First, their knowledge of concepts and entities is uneven and often skewed toward the domains and distributions represented in widely used training resources and benchmarks. Second, they are typically deployed under a fixed-snapshot view of world knowledge, mirroring the static nature of the inventories that support many downstream pipelines, such as knowledge bases, which makes it difficult to handle newly emerging entities and rapidly evolving facts. Third, when models generate content in settings where new entities and information emerge continuously, current evaluation practices provide limited assurance of factual accuracy and little transparency into which statements are unsupported and why. These challenges become even more pronounced in multimodal settings, where systems must jointly leverage visual and textual evidence to access and validate knowledge.

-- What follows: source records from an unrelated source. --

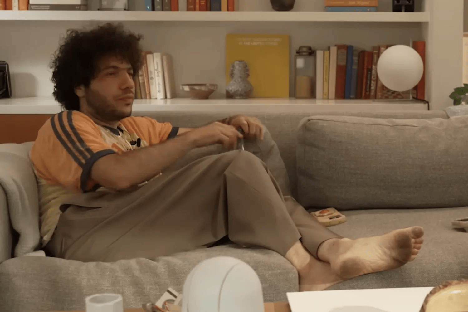 就在不久之前,本尼刚因为“脚看起来很脏”被网友疯狂吐槽。在他的播客节目《Friends Keep Secrets》里,他曾赤脚坐在沙发上聊天。镜头扫过脚底时,有人发现似乎有些灰尘。截图很快被转发,评论区里满是调侃:“至少洗个脚再录节目吧。”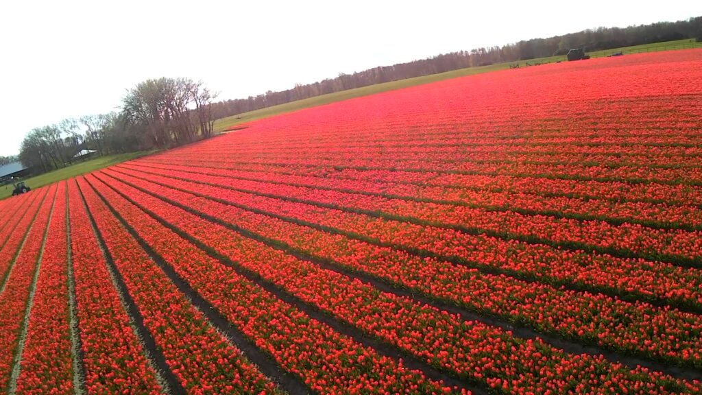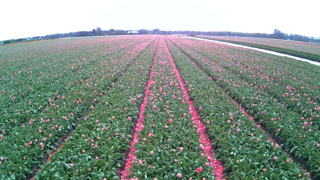 チューリップ畑をドローン撮影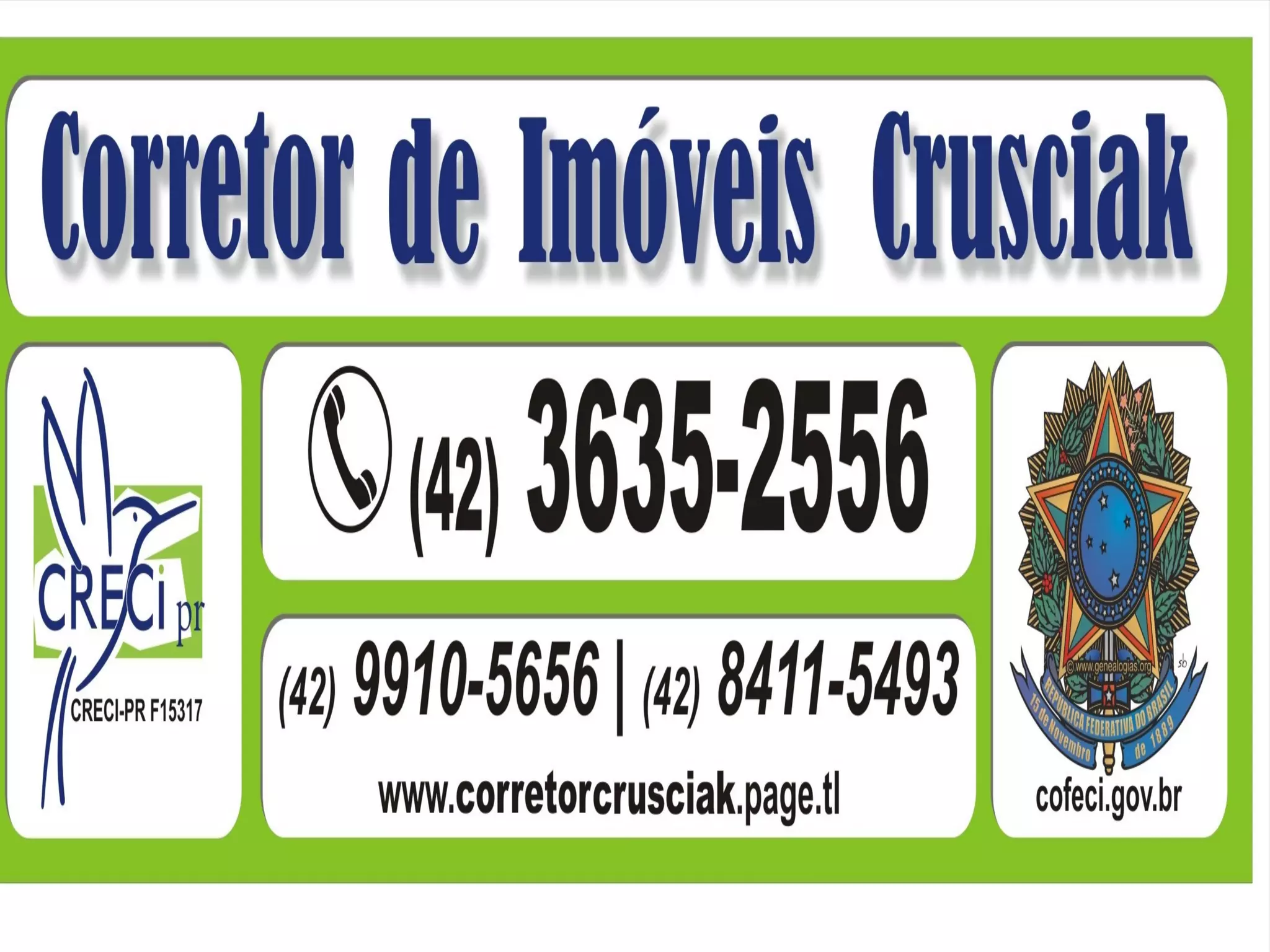 Este documento apresenta as informações de contato de Nelson Crusciak, corretor de imóveis que oferece serviços de compra e venda de imóveis com honestidade. Ele conta com assessoria jurídica e fornece seus contatos como telefone, site e endereço para facilitar o contato com clientes.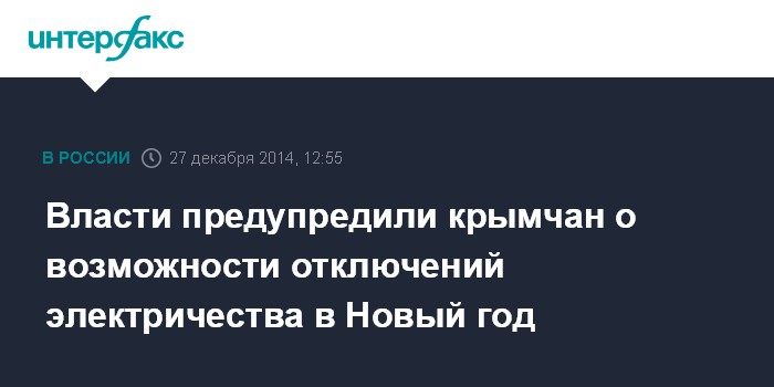 Москва. 27 декабря. INTERFAX.RU - Жители Крыма могут столкнуться с отключениями электроэнергии в новогоднюю ночь, но они не будут длительными, заявил глава региона Сергей Аксенов.
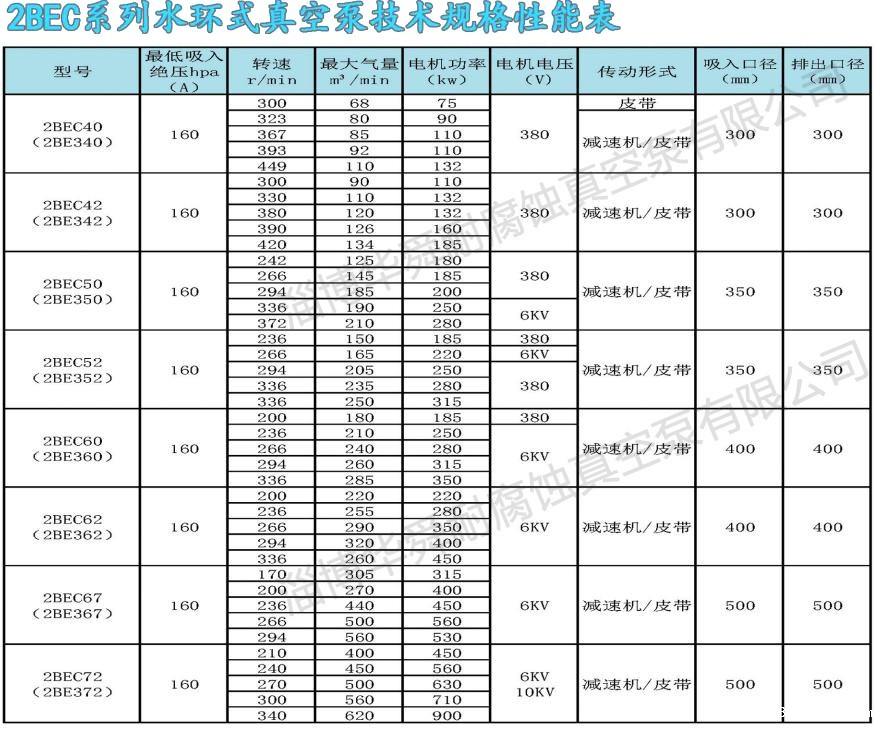 2BE系列水环真空系及压缩机,是我公司在多年科研成果和生产经验的基础上,结合国际同类产品先进技术,研制开发的高效节能产品,通常用于抽吸不含固体颗粒,不溶于水,无腐蚀性的气体,以便在密闭容器中形成真空和压力。通过改变结构材料,亦可用于抽吸腐蚀气体或腐蚀性液体做工作液。广泛用于造纸、化工、石化、轻工、制药、食品、冶金、建材、电韵、煤暖、金属矿山、化等行业。本系列泵采用单级单作用的结构形式,具有结构简单,维修方便,运行可,高效节能的优点,并能适应排水量大,载荷冲击波动等恶劣工况。我们对关键部件,如分配板,叶轮和系轴进行了系列优化设计,简化了结构,提高了性能,实现节能。采用球墨铸铁或焊接叶轮,叶片一次冲压成形,型线合理:轮毂全部加工,从根本上解决了动平衡问题。叶轮与系轴采用热装过盈配合,性能可靠,运行平稳。叶轮焊接后,整体进行热处理,使叶片具有良好的韧性,叶片的抗冲击,抗折弯能力得以根本保证,能适应载荷冲击波动等恶劣工况。2BE系列泵,自带气水分离器,多位置设有排气口,泵设有排气检修口,叶轮与分配板间通过定位轴承两娉压益调整,安装使用方便,操作简单,便于维修。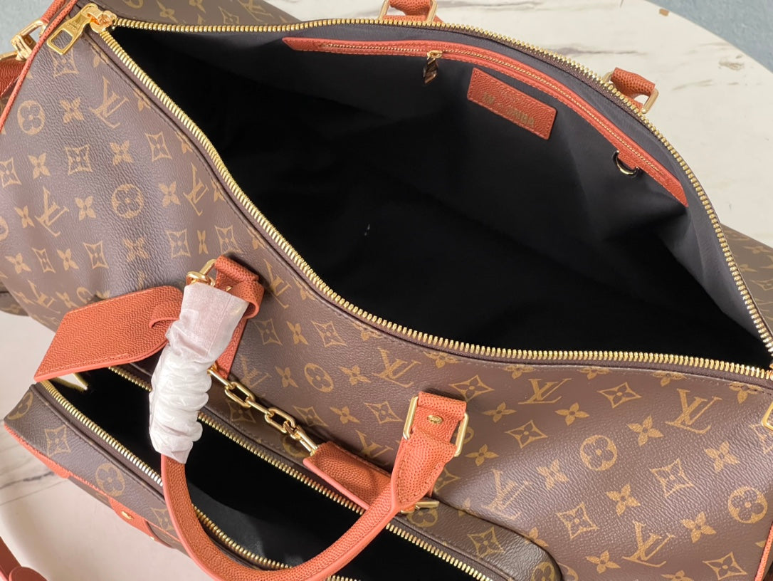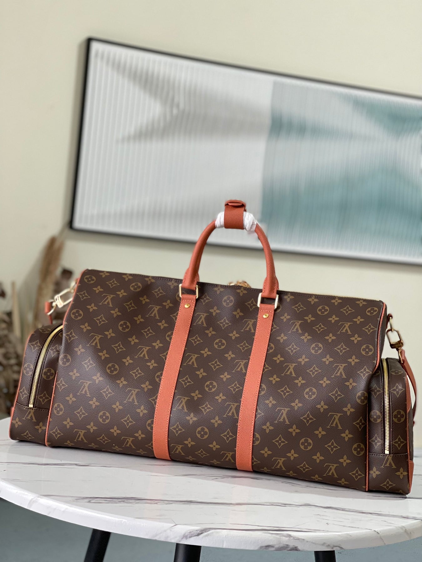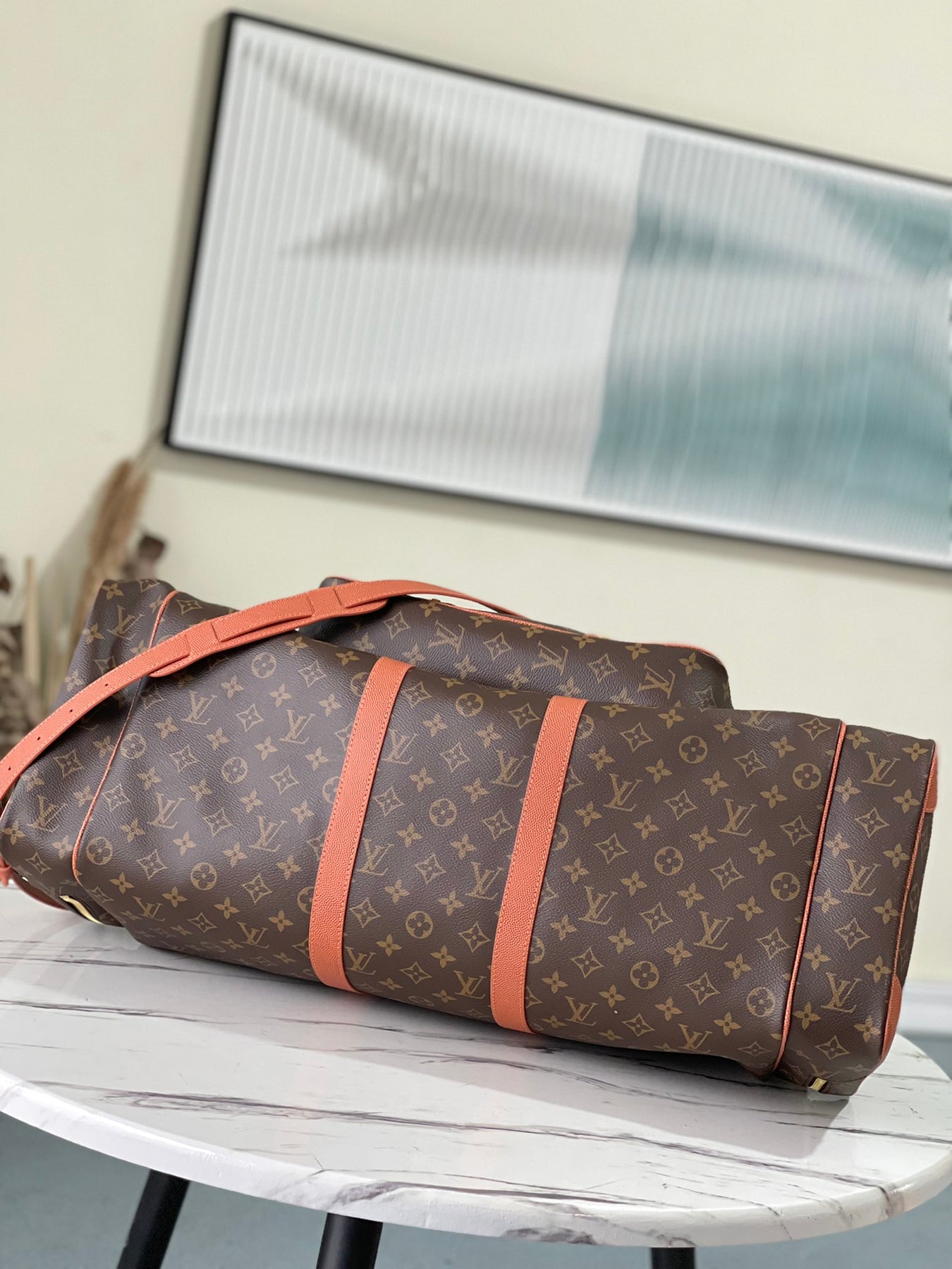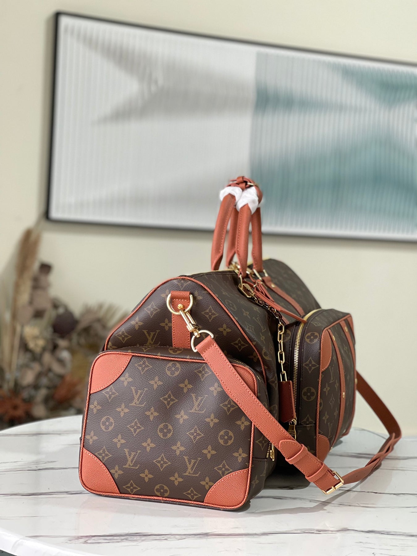 Introducing the M45794 Keepall Trio Pocket Travel Bag from the exclusive xNBA SEASON 2 capsule collection. Crafted from premium Monogram canvas, this stylish travel bag features embossed basketball texture leather trim for a sporty look. The zippered outer compartment and spacious main compartment make it perfect for organizing and storing your sports gear. Thoughtfully designed with leather corners and rivets, it pays homage to the brand’s iconic hard-case design. Dimensions: 65 x 35 x 29 cm. Elevate your travel experience with this versatile and fashionable accessory.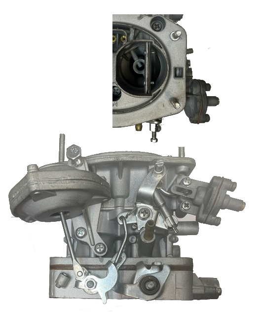 В исходном положении воздушная заслонка стоит вертикально. Для запуска двигателя тросик поворачивает рычаг 3 против часовой стрелки, тяга 7 перемещается вверх. Заслонка поворачивается очень легко и полность закрывается, тяга 7 не сжимается. Когда двигатель заводится, появляется разряжение, диафрагменный механизм перемещает тягу 8 вправо и она приоткрывает воздушную заслонку на некоторый угол. Для того, чтобы тяга 7 не мешала открытию воздушной заслонки, она сделана телескопической и легко сжимается.

Motivated by these shortcomings, this thesis advances knowledge-intensive language and multimodal AI along three complementary directions that jointly support coverage, dynamic augmentation, and verification. We first develop large-scale resources and evaluation protocols that broaden semantic coverage beyond the narrow scope of widely used datasets, enabling systematic analysis of representation gaps and supporting the development and assessment of models that generalize across diverse concepts and entities. However, even broad-coverage static resources cannot keep pace with knowledge that emerges after their construction. To address this, we introduce retrieval-augmented generation methods that leverage externally retrieved evidence to produce factually grounded information for newly emerging entities, enabling knowledge inventories to be updated over time without retraining the downstream models that rely on them. As automatically generated content becomes a pathway for continual knowledge integration, ensuring its reliability becomes essential. We therefore propose evidence-grounded evaluation frameworks that decompose model outputs into verifiable units and validate each against source documents, providing fine-grained, interpretable factuality assessment suitable for reference-scarce settings.
Overall, this thesis advances AI systems that (i) cover a broader portion of real-world semantics, (ii) remain effective as knowledge evolves and new entities appear, and (iii) can be assessed with transparent, evidence-based factuality signals, enabling more reliable deployment in knowledge-intensive applications.